Sakr-el-Bahr went down upon his knees and prostrated himself solemnly before his prince.
"The blessing of Allah and His peace upon thee, my lord," was his greeting.
And Asad, stooping to lift that splendid figure in his arms, gave him a welcome that caused the spying Fenzileh to clench her teeth behind the fretted lattice that concealed her.
"The praise to Allah and to our Lord Mahomet that thou art returned and in health, my son. Already hath my old heart been gladdened by the news of thy victories in the service of the Faith."
Then followed the display of all those riches wrested from the Dutch, and greatly though Asad's expectations had been fed already by Othmani, the sight now spread before his eyes by far exceeded all those expectations.
In the end all was dismissed to the treasury, and Tsamanni was bidden to go cast up the account of it and mark the share that fell to the portion of those concerned--for in these ventures all were partners, from the Basha himself, who represented the State down to the meanest corsair who had manned the victorious vessels of the Faith, and each had his share of the booty, greater or less according to his rank, one twentieth of the total falling to Sakr-el-Bahr himself.

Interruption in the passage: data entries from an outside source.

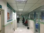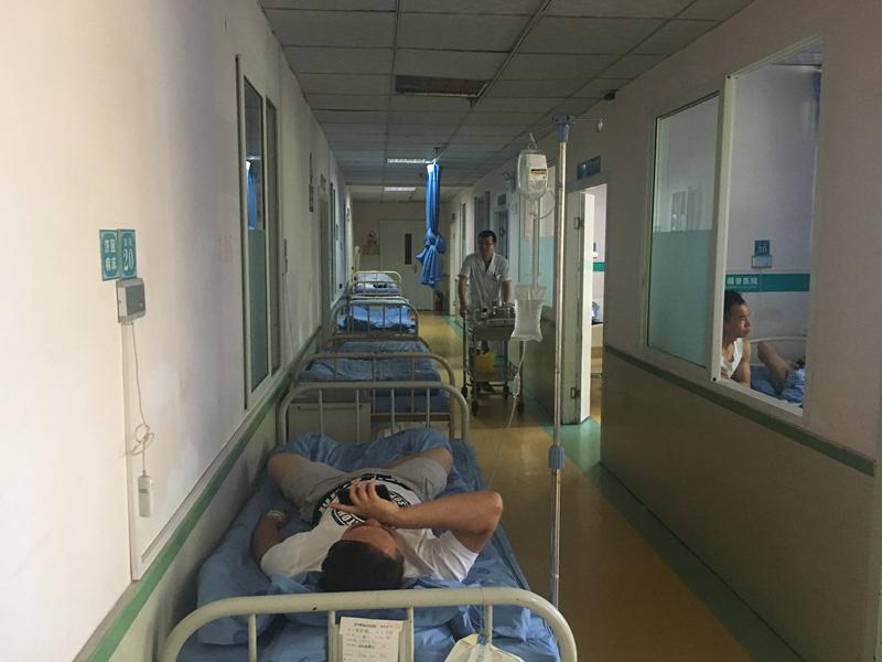 绕着医院走了一圈,病人依旧来来去去,笔者看到,在住院处,连走廊里都摆着床位,有患者躺在上面输液。
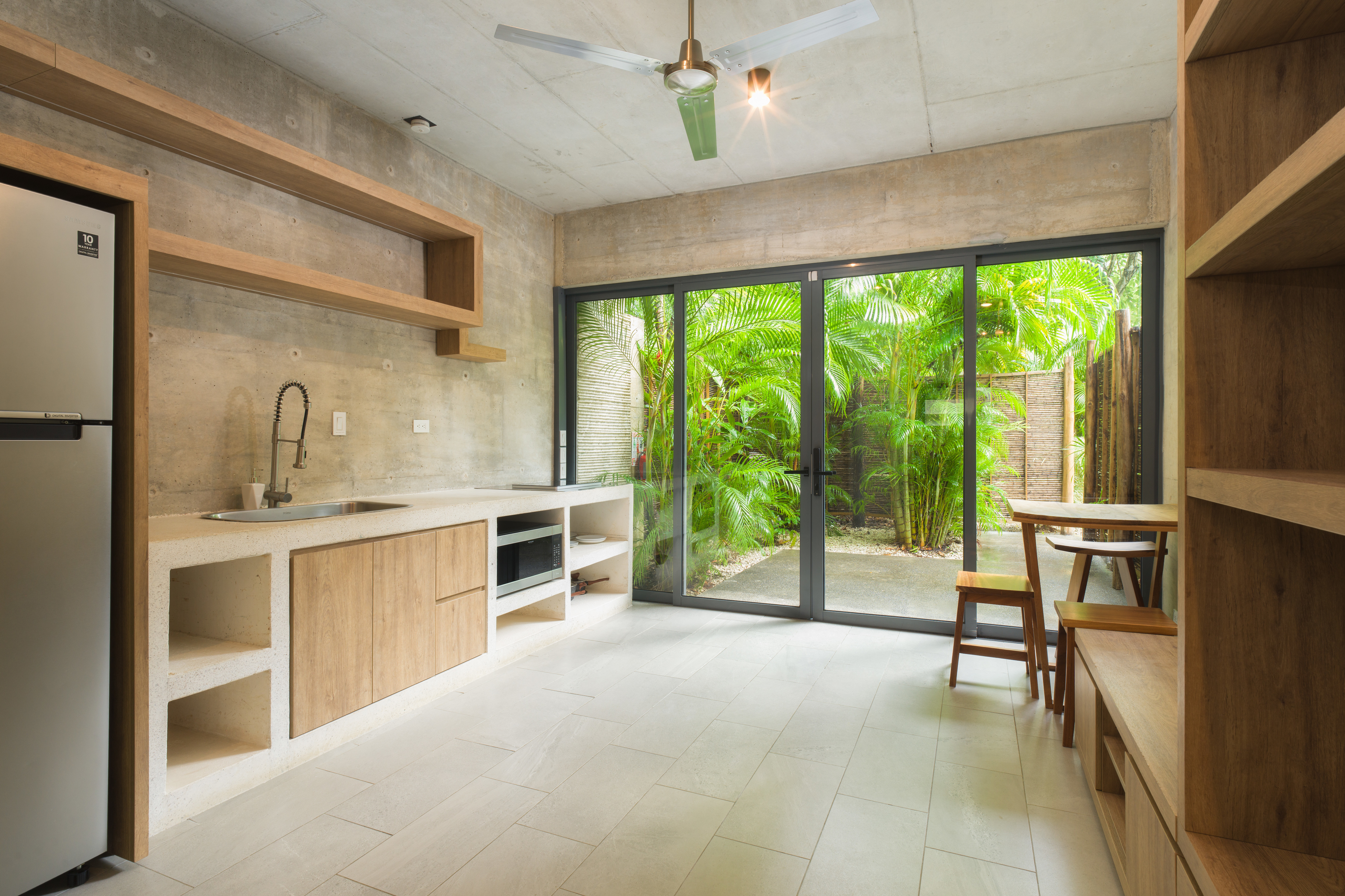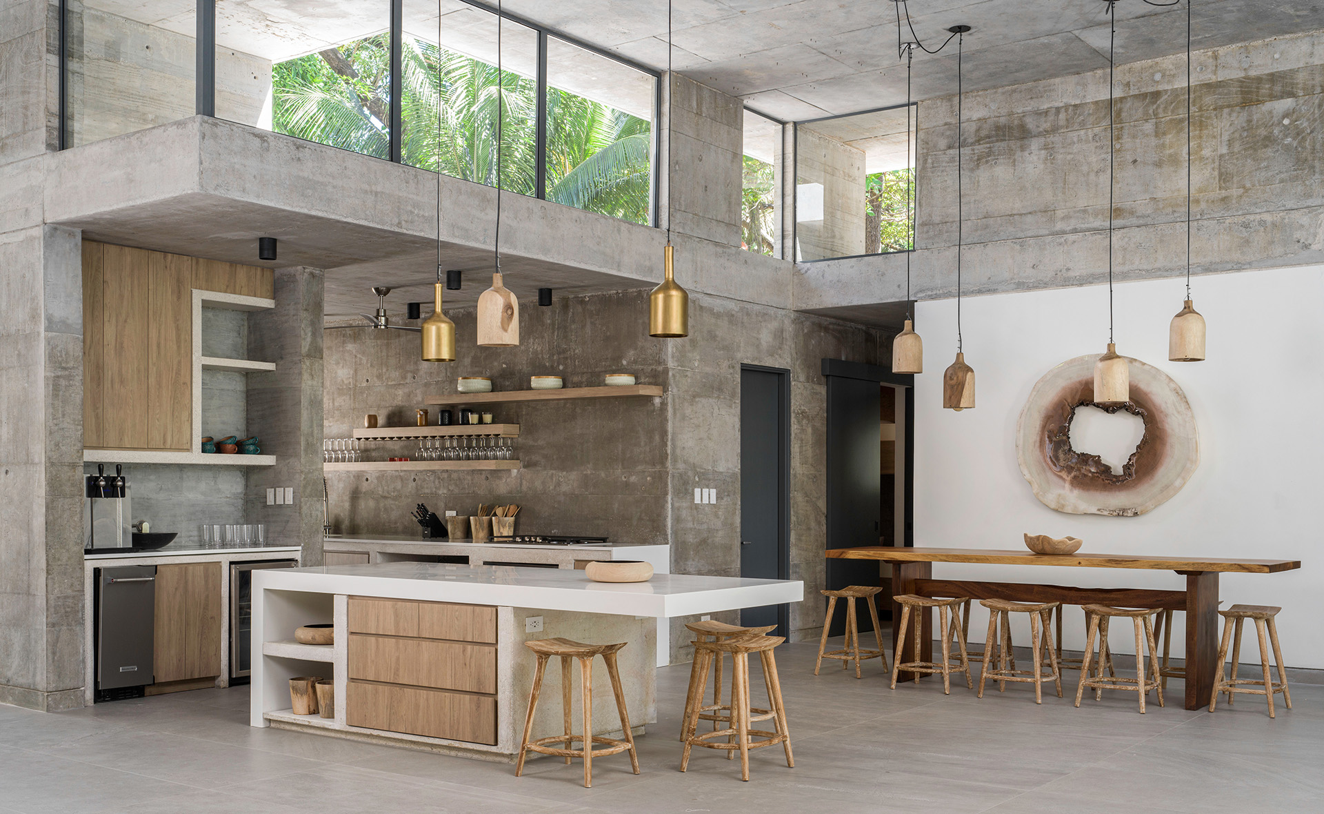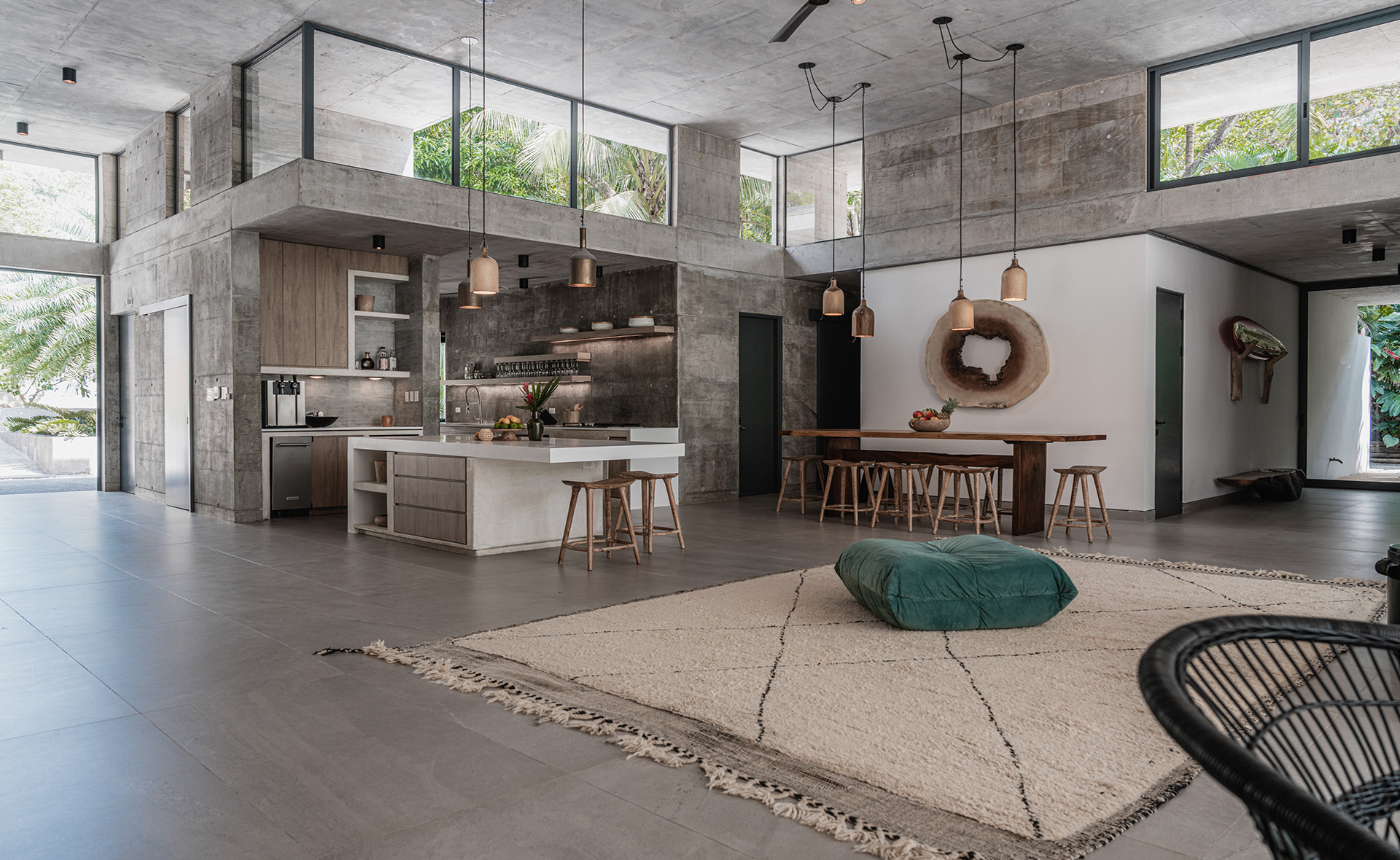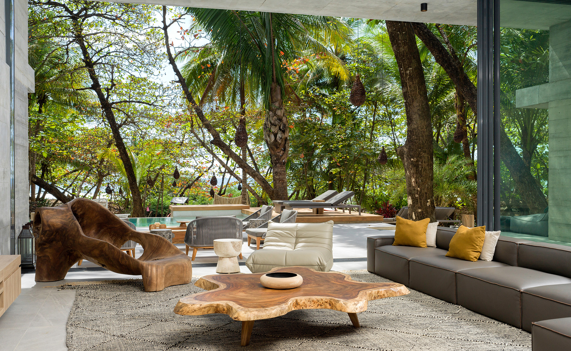 - Spacious living room with high ceilings opens entirely to the terrace and swimming pool area
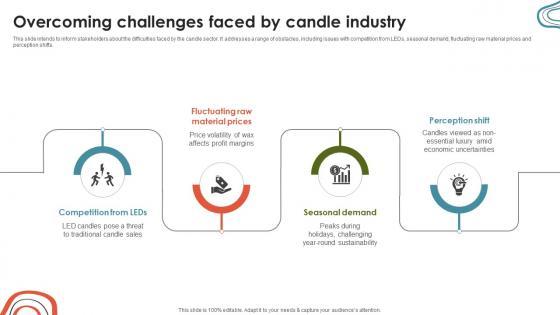 This slide intends to inform stakeholders about the difficulties faced by the candle sector. It addresses a range of obstacles, including issues with competition from LEDs, seasonal demand, fluctuating raw material prices and perception shifts. Are you searching for a Candle Business Venture Overcoming Challenges Faced By Candle Industry BP SS V that is uncluttered, straightforward, and original Its easy to edit, and you can change the colors to suit your personal or business branding. For a presentation that expresses how much effort you have put in, this template is ideal With all of its features, including tables, diagrams, statistics, and lists, its perfect for a business plan presentation. Make your ideas more appealing with these professional slides. Download Candle Business Venture Overcoming Challenges Faced By Candle Industry BP SS V from Slidegeeks today. This slide intends to inform stakeholders about the difficulties faced by the candle sector. It addresses a range of obstacles, including issues with competition from LEDs, seasonal demand, fluctuating raw material prices and perception shifts.
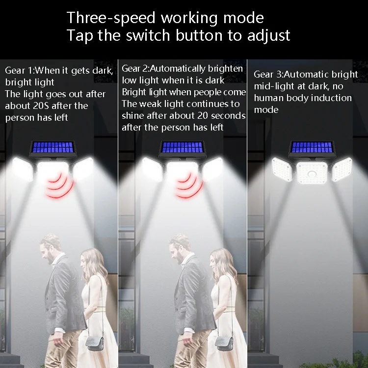 Solar 3-Head Rotatable Wall Lights Human Sense Outdoor Waterproof Garden Street Light
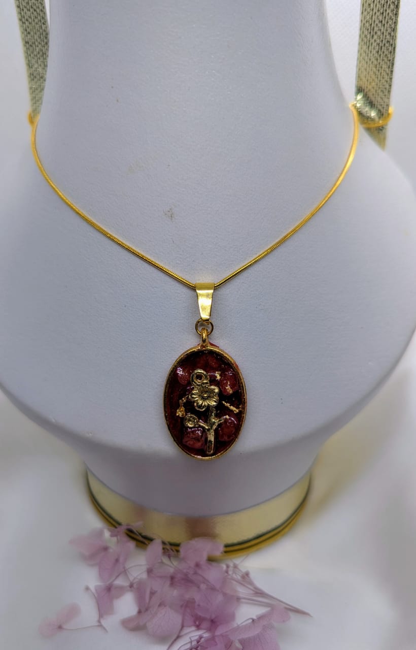 Add timeless charm to your jewelry collection with this handmade resin pendent with golden chain from sztuzkjewelry. Crafted with care, this delicate pendent features a gold-tone chain .
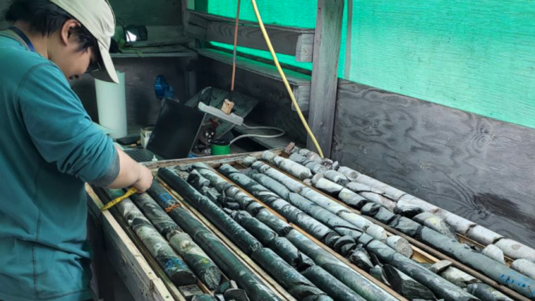 A worker exams core at Angilak in Nunavut. Credit: Latitude Uranium
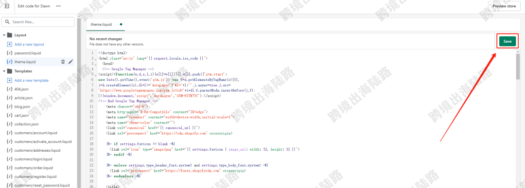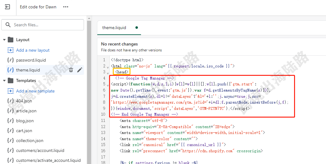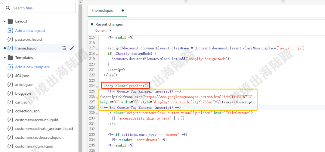 因为普通版本的chekout.liquid文件访问权限是限制的,是非开源的,所以安装Google Tag Manager(GTM)分Shopify Plus版本和非Shopify Plus版本。Shopify Plus安装Google Tag Manager(GTM)请参考下方链接教程。因为大部分商家使用的是非Shopify Plus的普通版本,所以接下来的教程会针对非Shopify Plus的普通版本逐步讲解。
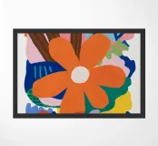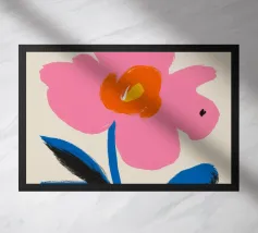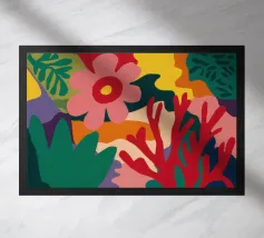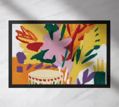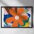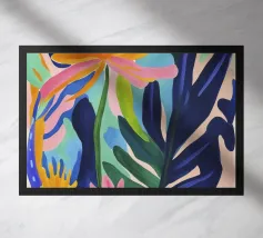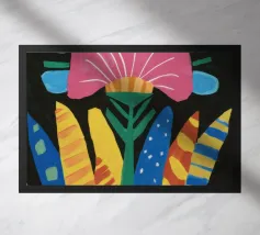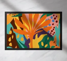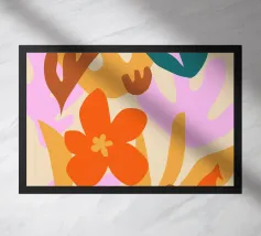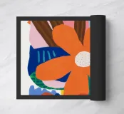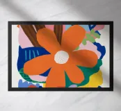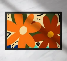 Una forma centrale arancione simile a un fiore esplode in mezzo a un turbinio di forme astratte ed elementi botanici. La composizione è dinamica ed espressiva, con steli blu, accenti rossi e uno sfondo beige strutturato, che cattura un momento di energia creativa.
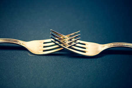 Two forks in colorful illumination macro shot creating an abstract composition. Image is suitable as a background.
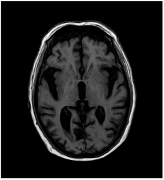 A paraneoplastic origin of the movement was dismissed, basal ganglia metastasis was ruled out, and no metabolic disorders (different from the previous diabetes mellitus) were found that could justify the choreiform movements. No ischemic or demyelinating lesions were observed. The only significant finding was observed in the MRI, which revealed T1 hyperintensity in the basal ganglia, a finding suggestive of metal deposition. The Mn (II) ion has five unpaired electrons in the 3d orbit, causing the shortening of the T1 relaxation time and an increase in the signal intensity in T1-weighted MRI. Signs of supra- and infratentorial atrophy were observed with the enlargement of sulci, cisterns, and the ventricular system, correlating with age.

In the courtyard were left none but Asad, Marzak and the janissaries, and Sakr-el-Bahr with Ali and Jasper. It was then that Sakr-el-Bahr presented his new officer to the Bashal as one upon whom the grace of Allah had descended, a great fighter and a skilled seaman, who had offered up his talents and his life to the service of Islam, who had been accepted by Sakr-el-Bahr, and stood now before Asad to be confirmed in his office.
Marzak interposed petulantly, to exclaim that already were there too many erstwhile Nasrani dogs in the ranks of the soldiers of the Faith, and that it was unwise to increase their number and presumptuous in Sakr-el-Bahr to take so much upon himself.
Sakr-el-Bahr measured him with an eye in which scorn and surprise were nicely blended.